# seminole bateau



## ga-atm (Jun 19, 2010)

anyone know anything about these. i just got 1 and know nothing.


----------



## brittonl (Jun 20, 2010)

Never have owned one, but have seen them and actually looked at buying one years ago. Main thing is that they are fiberglass ....... and that scares me a little to much in my environments. Sure it is a good boat though. Good luck!


----------



## devolve (Jun 20, 2010)

I had one and it was NOT fiberglass. It was a 17X56 if I remember corectly with a 27hp PD on it. Very stable, turned on a dime (step chine) and carried a load well.

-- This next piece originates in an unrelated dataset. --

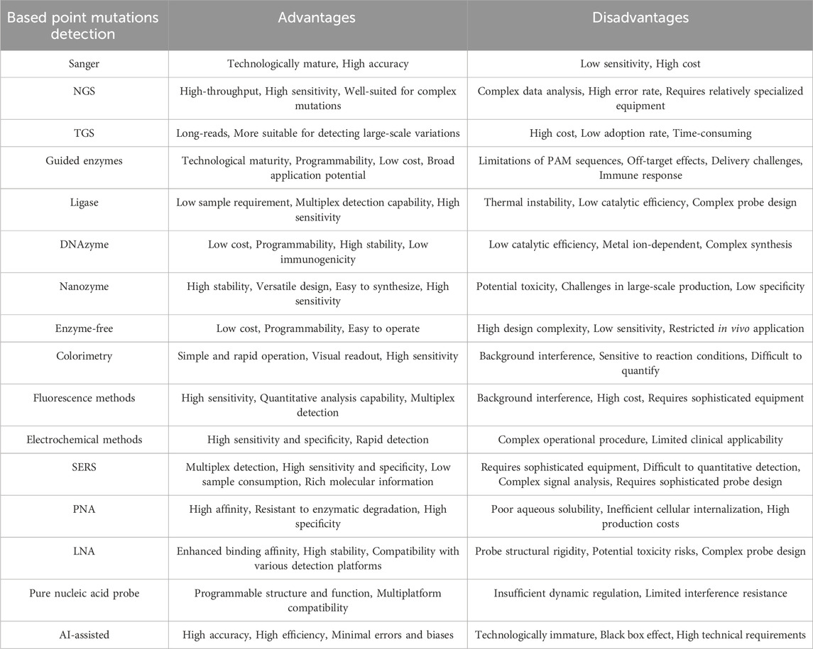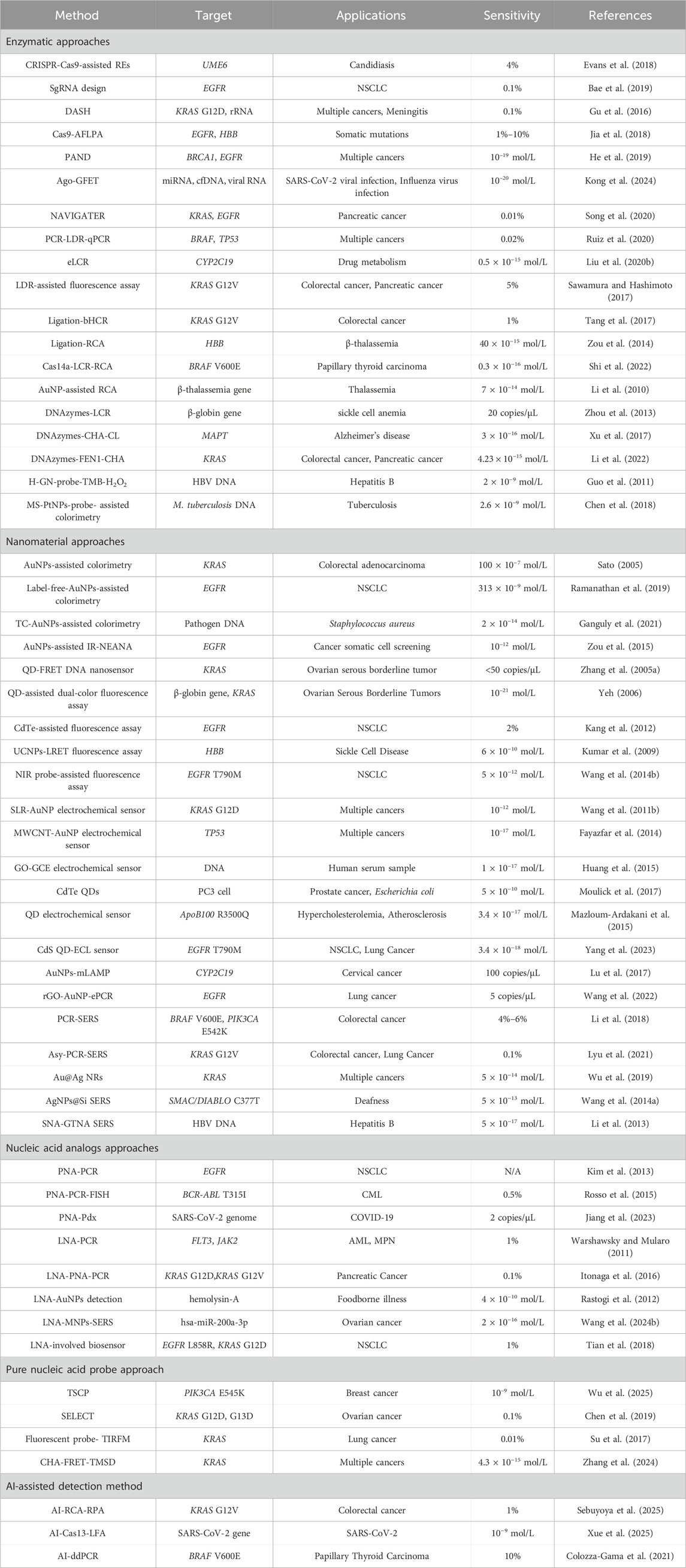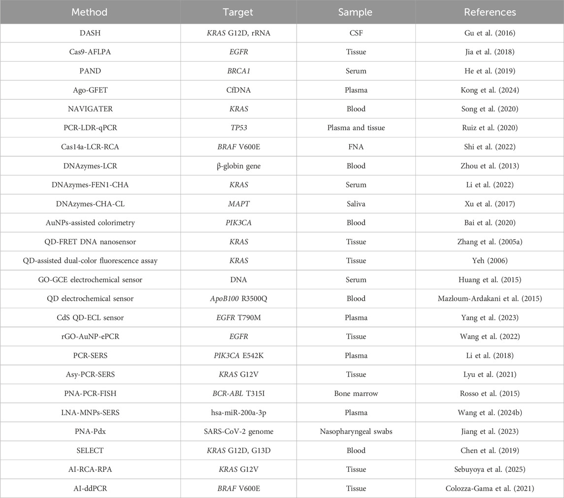 Point mutation refers to an alteration that occurs at a single nucleotide of a DNA molecule, characterized by the substitution, insertion, or deletion of only one nucleotide in the DNA sequence. Mutated genes typically trigger a cascade of detectable biological alterations, including changes in protein expression and function, changes in RNA expression, epigenetic modifications (e.g., DNA methylation, histone modifications), and variations in metabolite profiles (Eriksson et al., 2017; Ho et al., 2008). Numerous genetic disorders and cancers originate from gene mutations that cause dysregulation of functional proteins. Among the most frequently mutated genes, EGFR, TP53, and KRAS are associated with diverse malignancies including non-small cell lung cancer (NSCLC) (Bai et al., 2024; Mao et al., 2021), colorectal carcinoma (Adorisio et al., 2025; Kim et al., 2020), and pancreatic cancer (Hashimoto et al., 2016; McCubrey et al., 2022). Detection of point mutations facilitates the early diagnosis of genetic diseases and the screening of carriers, while also contributing to the molecular subtyping of tumor-related diseases and guiding precision medicine. In addition, resistance in bacteria, viruses, and parasites is often mediated by point mutations (Carter et al., 2015; Menard and Dondorp, 2017), and identifying these mutations is valuable for clinical treatment and epidemiological prevention and control. Nevertheless, this process confronts significant technical challenges, notably the low concentration level of the target and interference from complex sample matrices.
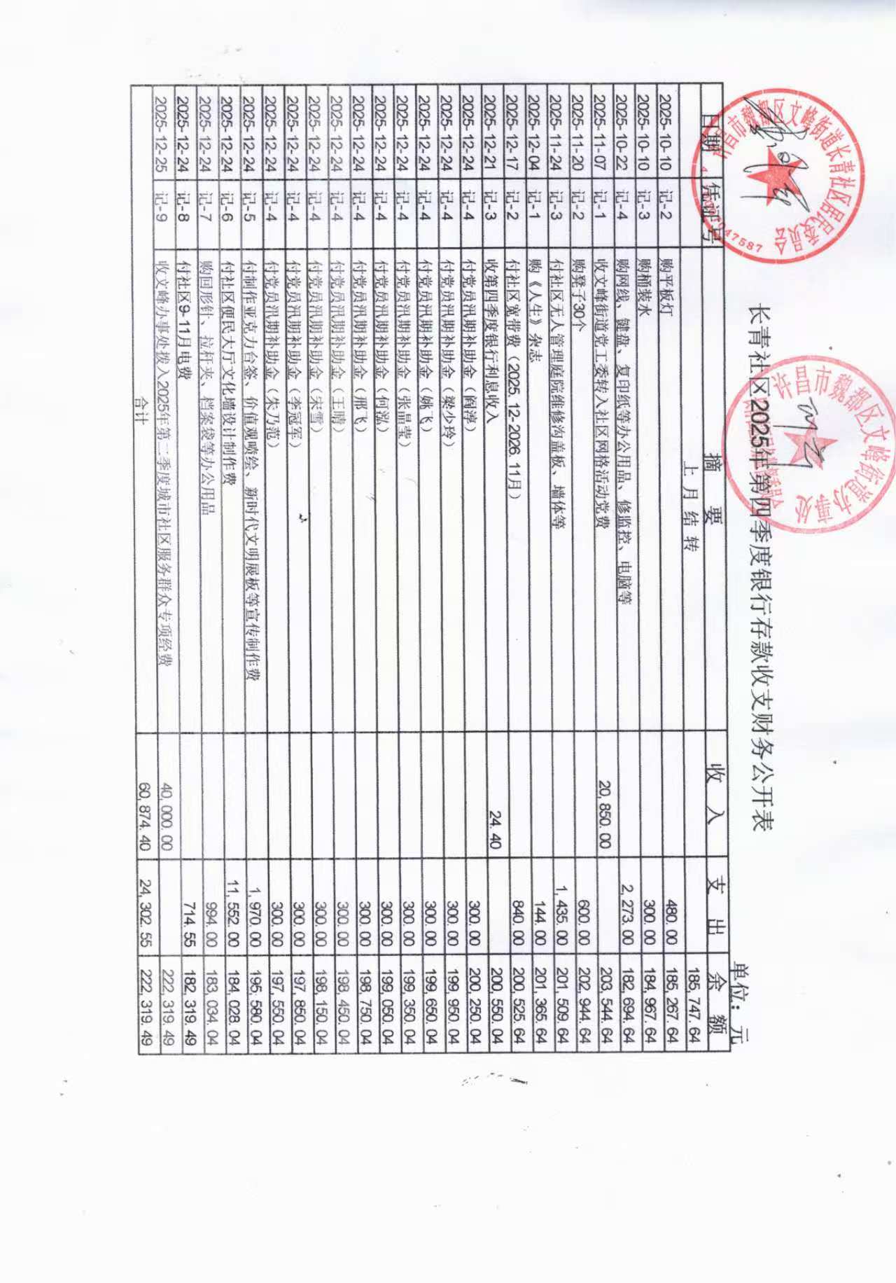 文峰办事处长青社区2025年第四季度银行存款收支公开表

post up some pictures so we can see which model you have


----------



## Mark K (Jun 20, 2010)

If you've already bought one it's a little late to be asking questions about it. It's a boat generally powered by a mud-motor. Yes most are fiberglass, but I wouldn't worry about it. I had one that would go anywhere as long as the prop had enough mud to dig in. I've crossed oyster bars, rocks, logs, etc. to get where the ducks were. I've seen them slip off the trailers on launch and be slid into the water and hunted out of without any worry whatsoever. If your worried about it - why did you buy it?


----------



## Nitro (Jun 20, 2010)

PM dep6 here on the board. He can give you some details about the Dixon boats.......


----------



## ga-atm (Jun 20, 2010)

thanks everyone


----------



## ga-atm (Jun 20, 2010)

tried to post a pic and keep failing. it is a 1995 hull 16 foot long with a 1999 23hp go devil


----------



## Dep6 (Jun 20, 2010)

PM back at you.


----------



## brittonl (Jun 20, 2010)

devolve said:


> I had one and it was NOT fiberglass. It was a 17X56 if I remember corectly with a 27hp PD on it. Very stable, turned on a dime (step chine) and carried a load well.
> 
> post up some pictures so we can see which model you have



Sorry if I am mistaken here, not trying to give wrong information. I was pretty sure they were fiberglass though, but have never owned one. Thin aluminum scares me enough though while running a mud motor on the back. Put a hole in my WarEagle this past year while running shallows and could only imagine if it were a fiberglass rig. Wish you the best though and I bet it is a great boat in a lot of applications. Good luck!


----------



## ga-atm (Jun 20, 2010)

thanks and it is fiberglass, but it is very thick


----------



## devolve (Jun 21, 2010)

brittonl said:


> Sorry if I am mistaken here, not trying to give wrong information. I was pretty sure they were fiberglass though, but have never owned one.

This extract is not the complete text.